O'Donnell worked as a staff writer for Roll Call, where she covered Congress. She spent twelve years of her career at the NBC networks. A commentator for the Today Show, Chief Washington Correspondent for MSNBC, and a White House correspondent for NBC News, O'Donnell was also a contributing anchor for MSNBC Live and an anchor on Weekend Today. O'Donnell reported for various NBC News broadcasts, including NBC Nightly News, The Today Show, Dateline NBC, and MSNBC. O'Donnell filled in for Chris Matthews as host of Hardball with Chris Matthews and was a regular pundit for The Chris Matthews Show.
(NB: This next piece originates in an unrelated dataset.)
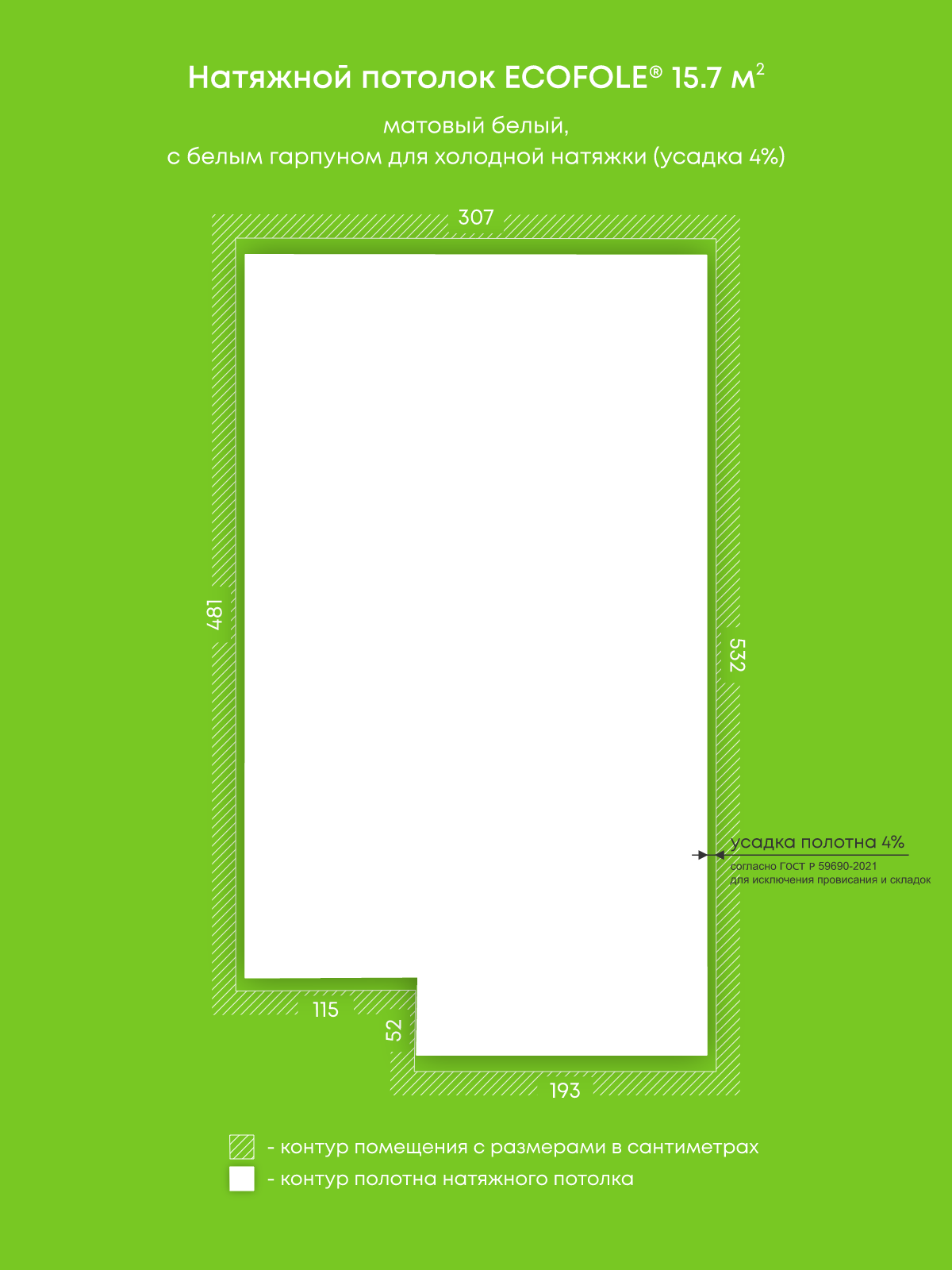 Натяжные потолки, изготовленные по индивидуальным размерам покупателя, для четырех помещений площадью 15.7 м2, 17.4 м2, 17.4 м2, 16.1 м2

Since joining CBS, she has served as anchor in several of its highest-rated shows, filling in for Scott Pelley on the CBS Evening News multiple times, the first being October 10, 2011. She was chief White House correspondent in 2011 and 2012, and became a co-anchor on CBS This Morning in fall of 2012. On May 6, 2019, Susan Zirinsky, president of CBS News, announced that O'Donnell had been named anchor and managing editor of the CBS Evening News beginning on July 15, 2019, and also would be the lead anchor of political events for the network and continue as a contributing correspondent for 60 Minutes. She became the third woman after Connie Chung and Katie Couric to serve as the program's weeknight anchor. Her last broadcast of CBS This Morning was on May 16, 2019. On April 8, 2022, O'Donnell extended her contract with CBS News to remain as anchor of CBS Evening News, through the 2024 election and afterward. In May 2024, O'Donnell interviewed Pope Francis in Vatican City for 60 Minutes. The interview made headlines for the Pope's discussion of surrogacy, gay marriage and female priests.
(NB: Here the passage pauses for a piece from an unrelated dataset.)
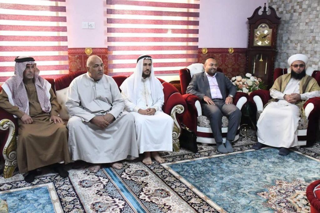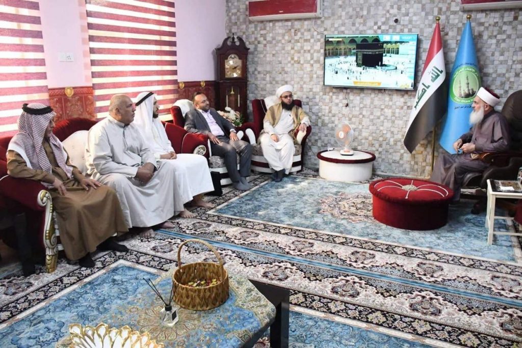 سماحة مفتي الجمهورية ” رعاه الله تعالى ” يلتقي وفد برئاسة امام وخطيب جامع السامرائي. التقى سماحة مفتي جمهورية العراق الشيخ الدكتور مهدي بن احمد الصميدعي ” رعاه الله تعالى ” في محل اقامته ببغداد صباح اليوم الخميس الشيخ حيدر التميمي امام وخطيب جامع السامرائي والوفد المرافق له تألف من السيد عمر ثامر عبد الله مدير اوقاف المدائن سابقاً والسيد خالد عبد المالك محمد والسيد نصيف جاسم محمد والسيد بدر رياض مؤذن جامع السامرائي وكانت الزيارة للتشاور والبحث مع سماحة المفتي ” رعاه الله ” في قضية جامع السامرائي وكيفية تقديم الية العمل لتخطي العقبات ، وفي الختام شكر الولد سماحته على سماعهم وابداء المساعدة ، داعين الله ان يحفظه للشعب العراقي وجعله خيمة يحتمي بها ابناء الوطن .

In July 2024, O'Donnell announced that her tenure at CBS Evening News would end following the 2024 United States presidential election, after which she would become a senior correspondent for CBS News. On November 22, 2024, she announced that she would be leaving CBS Evening News on January 24, 2025, which was later moved up to January 23, 2025, due to the coverage of the 2025 Farmers Insurance Open.

In October 2025, it was reported that Bari Weiss, the new Editor-in-Chief of CBS News, was considering O’Donnell to return as host of CBS Evening News. However, Tony Dokoupil was ultimately selected for the role.

In July 2026, 60 Minutes executive producer Nick Bilton announced in an employee memo that O'Donnell had been promoted to full-time correspondent for the broadcast.

On September 3, 2026 CBS announced that Norah O'Donnell has been named Co-Anchor of CBS Mornings alongside Gayle King and Nate Burleson starting on September 8, 2026.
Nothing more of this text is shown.